→ What is required
Print the line containing "据官方统计,今年3月举办的2", then every line after it through the end of the material, exactly as written and without pictures.

→ Dataset excerpt

* * * *

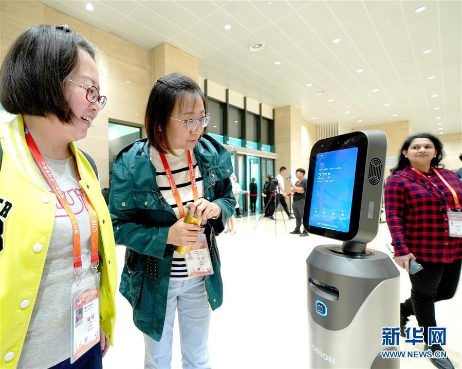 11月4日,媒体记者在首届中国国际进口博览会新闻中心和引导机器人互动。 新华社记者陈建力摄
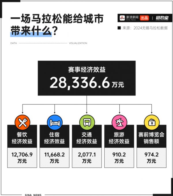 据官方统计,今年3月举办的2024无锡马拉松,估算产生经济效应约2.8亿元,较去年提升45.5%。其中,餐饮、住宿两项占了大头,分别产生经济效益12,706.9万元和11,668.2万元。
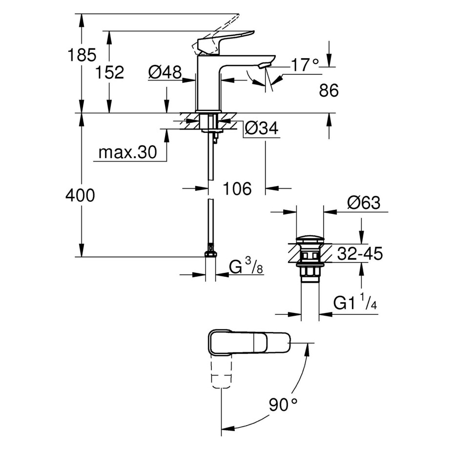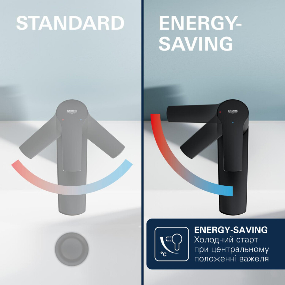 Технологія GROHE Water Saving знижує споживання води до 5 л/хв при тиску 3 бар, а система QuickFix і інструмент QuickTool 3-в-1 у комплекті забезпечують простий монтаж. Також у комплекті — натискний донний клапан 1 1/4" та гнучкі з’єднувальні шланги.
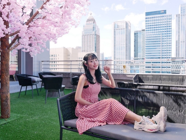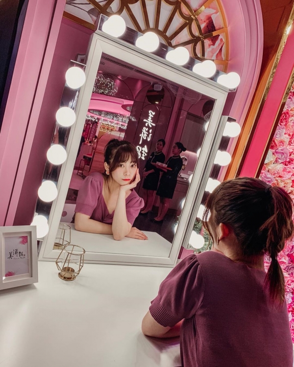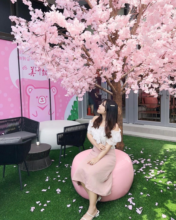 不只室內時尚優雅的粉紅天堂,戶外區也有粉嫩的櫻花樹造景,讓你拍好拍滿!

* * * *

→ Solution for this exercise
 据官方统计,今年3月举办的2024无锡马拉松,估算产生经济效应约2.8亿元,较去年提升45.5%。其中,餐饮、住宿两项占了大头,分别产生经济效益12,706.9万元和11,668.2万元。
 Технологія GROHE Water Saving знижує споживання води до 5 л/хв при тиску 3 бар, а система QuickFix і інструмент QuickTool 3-в-1 у комплекті забезпечують простий монтаж. Також у комплекті — натискний донний клапан 1 1/4" та гнучкі з’єднувальні шланги.
 不只室內時尚優雅的粉紅天堂,戶外區也有粉嫩的櫻花樹造景,讓你拍好拍滿!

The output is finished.